Just reached 31 weeks yesterday. 6 weeks until I'm considered officially full term. 9 weeks to my due date. HOLY. MOLY.
I am feeling LARGE AND IN CHARGE, these days. Okay, maybe not really in charge. Mostly just large. I feel like just suddenly I am feeling so much more movement...sometimes it's constant. And I'm trying to figure out how I can possibly grow any bigger and what THOSE movements will feel like. But, it most certainly will happen--not too long from now.
Cory and I attended our first birthing class last night. I really liked the instructor. It was a small, and pretty quiet group. Learned a few new things, and practiced some relaxation and coping techniques for labor. Best part--the 10 minute massage I got from Cory!

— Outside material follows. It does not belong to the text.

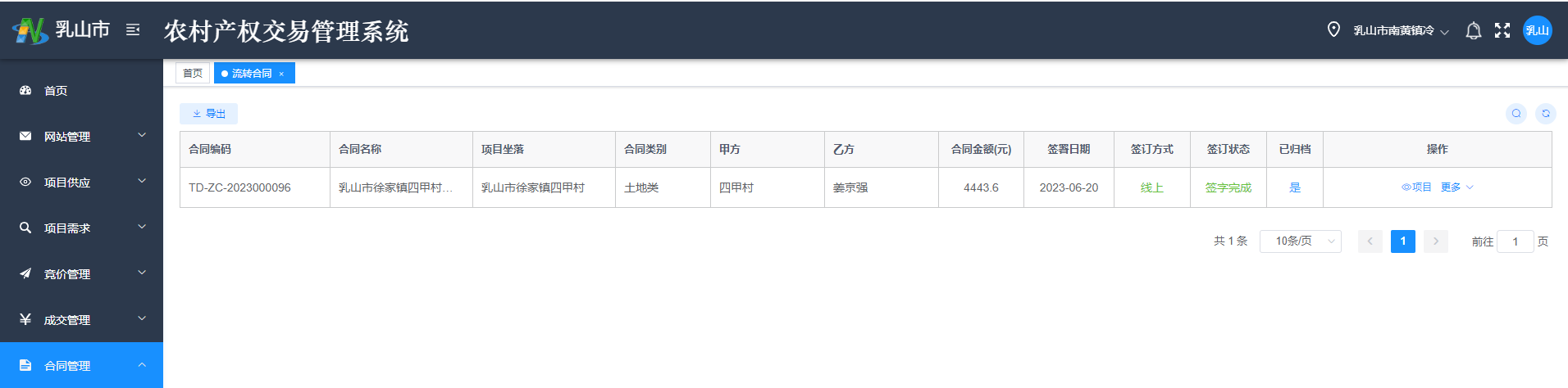 2022年7月,我市成功申报“以备案制探索开展农村土地承包合同网签”国家级改革试点,成为该项改革全省唯一试点。为顺利实施试点工作,乳山市依托“智慧农经综合管理服务平台”,搭建了农村土地承包经营合同网签系统,对原有农村产权流转线上工作进一步延伸,打通了线上交易的“最后一环节”,真正实现了全流程“不见面农村产权交易”。同时网签系统还以现有的承包地确权登记颁证数据信息为基础,扩展土地承包权管理功能,实现农村土地承包合同网签。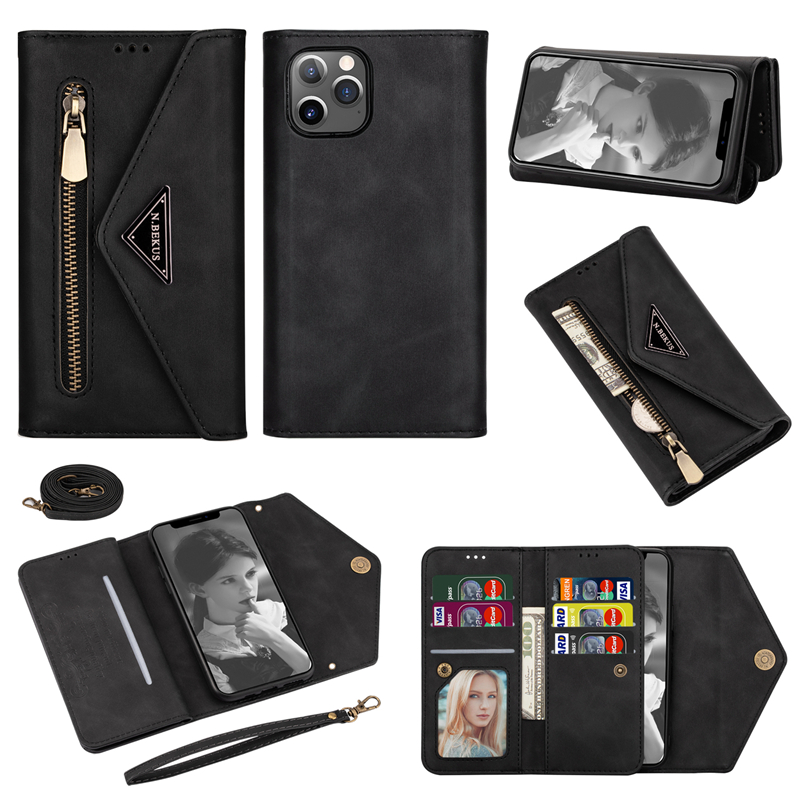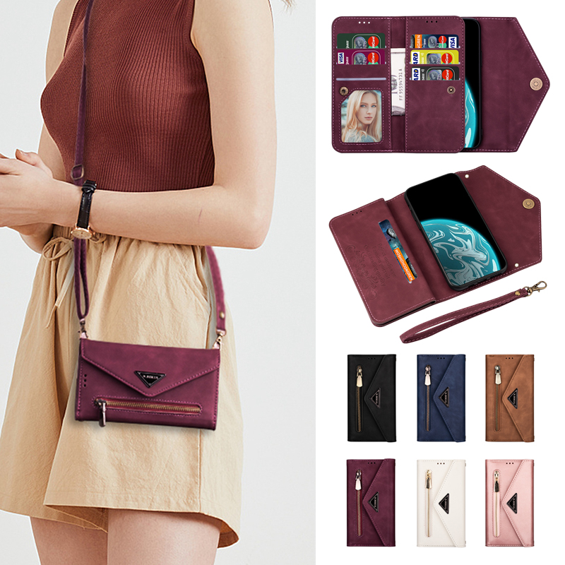 Điện Thoại & Phụ Kiện > Phụ kiện > Túi đựng điện thoại || Bao da điện thoại nắp lật mềm kiêm ví khóa kéo gắn dây đeo cho Samsung A91/S10 Lite Note10 Lite/A81 A71 A51 A41Còn hàng

I was talking to an acquaintance the other day, and she was telling me that she was chatting with another mutual acquaintance as they were out walking one afternoon. They were talking about pregnancy. The subject of weight gain and diet/nutrition during pregnancy seemed to be the general topic, and this person was saying that you choose how easy you make it during pregnancy--that you are in control and that you just decide that "this is how I'm going to eat", and you can be in control of your body. Now, I want to say that I wasn't there for the conversation, so maybe I'm speaking out of context. But the way the conversation was relayed to me was that the tone came across as "I just don't see why this is an issue for people--you are in control of what you do". The thing I find most funny about these statements is that this particular person has never been through pregnancy. It came across to me like they were stating these things as facts. But really--COME ON! How can you know? You can't. Don't be dumb. I remember thinking before I became pregnant that I would be resolute in eating as healthily as possible and would keep my weight gain down. But wow--my cravings and aversions sent me in the complete opposite direction. And though I certainly could have made better choices...my hunger and the things that didn't make me want to toss my cookies were completely beyond personal choice. My body has been doing most of the choosing. I probably took the conversation a bit personally...I'll admit that. But I am fairly certain the conversation came about because of me. I can't know for sure, but have good reason to suspect. I'm not shocked that these comments came from this particular person. It's just so silly, is all.
I'm feeling better about my eating habits these days though. I've been much better about portion control, and eating smaller, more frequent meals to keep my hunger at bay. At my last visit with the midwife on Monday, I had only gained 1.5 pounds over the last 4 weeks. That is a huge improvement over the previous 28 weeks! I'm working hard at maintaining a much lower/stable gain through the end of my pregnancy. Partially because I don't want to have to work so hard to lose it after the baby. But, mostly I don't want to increase my pregnancy risk factors. I am a low risk pregnancy, but I want to ensure the baby, and labor/delivery have the best chance of a healthy outcome! It helps that the nausea has mostly stopped!
Next appointment is in two weeks--it sounds like I will probably need to have one more ultrasound. TMI ALERT--Again with my major weight loss--the extra skin I have makes it difficult to tell the exact position and estimate the weight of the baby, so Sally (our Midwife) would like me to have another. That makes me wonder though how it will be when I go into labor. Babies can still twist themselves around...so will they be able to tell position at that point to know that baby girl Calhoun is in good position to deliver naturally? I'll have to ask that question next time.
Speaking of food...HUNGRY. Time for lunch! What's going on in your lives??????????